When the same group of listeners was tested after monaural earplugging to induce acute UHL (Figure 4(b)), all listeners showed degraded response gain (median gain = 0.11) and weakened correlation between responses and ICD (median R2 = .04) relative to their normal hearing results and exhibited a general bias toward the intact ear. High individual variability was noticeable, especially on the plugged side. Five of the nine acute UHL listeners could no longer perform the stereo localization task (linear regression, p > .05). The overall reduction in response gain was significant between the acute UHL and normal hearing groups (p < 10−3, Wilcoxon rank-sum test with Bonferroni α of ·0083).

For the chronic UHL listeners, performance in stereo localization correlated with the severity of hearing loss. With moderate UHL (Figure 4(c)), all four listeners could localize the stereo sound (median gain = 0.61; p < 10−5; linear regression) and their overall response gain was not significantly different from those with normal hearing (p = .106, Wilcoxon rank-sum test) but with reduced precision (median R2 = .71). Importantly, although the acute and moderate UHL listeners had comparable overall levels of hearing loss (Figure 2), the patterns of their stereo localization performances were different in two ways: (a) The responses of moderate UHL listeners did not show a “better” ear bias and (b) they exhibited less individual variability than acute UHL listeners. The pair-wise comparison revealed that the moderate group had a significantly higher response gain than the acute group (p = .0056, Wilcoxon rank-sum test).
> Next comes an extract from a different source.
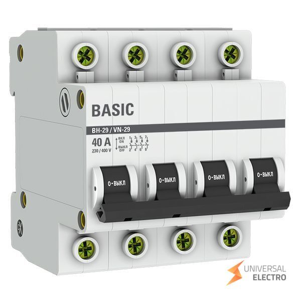 Выключатель нагрузки 4P 40А ВН-29 Basic предназначен для управления и защиты электрических цепей с номинальным током до 40 ампер. Обеспечивает надежное отключение и подключение нагрузки в трехфазных системах. Устройство подходит для использования в бытовых и промышленных установках, обеспечивая безопасность и долговечность электрических систем.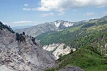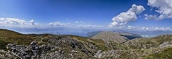 The Korab Mountains are certainly the most striking feature of the physical geography of the region. They offer simultaneously the highest mountain of the country, the Mount Korab.[45] The mountains extends over 40 kilometres and covers an area of 560 square kilometres.[46] Between the valleys of Shkumbin and Devoll rise the mountains that constitute to the Valamara Mountains, while farther north stretches the connected mountain massifs of Shebenik and Jabllanicë.[47]

With severe UHL (Figure 4(d)), three of the five listeners could not perform the stereo localization task (p > .05; linear regression) and the responses of the other two listeners showed significant but weak correlation with ICD (R2 = .12 and .07, respectively). Similar to the acute UHL group, high individual variability and biases toward the intact ear were observed. While the response gains of severe UHL listeners were, on average, lower than the other three hearing groups, the difference was only significant when comparing to the normal hearing (p < 10−3) but not to the moderate UHL (p = .0159) and acute UHL (p = .364) when tested with a Bonferroni α of .0083.
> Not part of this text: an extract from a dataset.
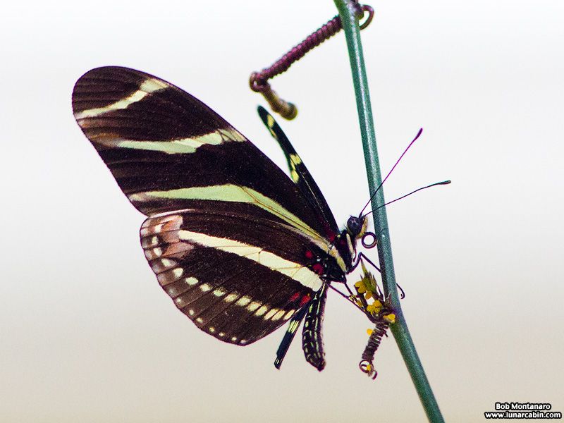 A Zebra Longwing butterfly is not deterred by a cloudy day at the Oslo Riverfront Conservation Area to lay a multitude of eggs on a corky-stem passion vine, the larval plant of the Zebra Longwing’s caterpillar stage. Note just below the butterfly all those yellow ovals on the plant are freshly laid eggs.

The single-speaker responses showed similar between-group differences as the stereo responses. While normal hearing and moderate UHL could localize accurately the L and R locations, large errors and variability are seen on the side of the loss ear (“R”) for acute and severe UHL. As shown in our previous study (Montagne & Zhou, 2016), at ±1 ms ICD, time-delay-based stereophony could generate an ITD larger than that from the single-speaker stimulation (at ±45°). But we often found that the perceived stereo sound was closer to the midline than the perceived location of the single speakers (L or R). A compressed but symmetrical range of responses is more clearly shown for moderate UHL listeners (Figure 4(c)).

With UHL, stimulus loudness (or the perceived stimulus intensity) is much reduced at the side of the impaired ear, resulting in a de facto nonzero ILD favoring the intact ear. The near-normal stereo localization after chronic moderate UHL suggests that the performance of this group of listeners was less sensitive to this ILD distortion than the acute UHL group.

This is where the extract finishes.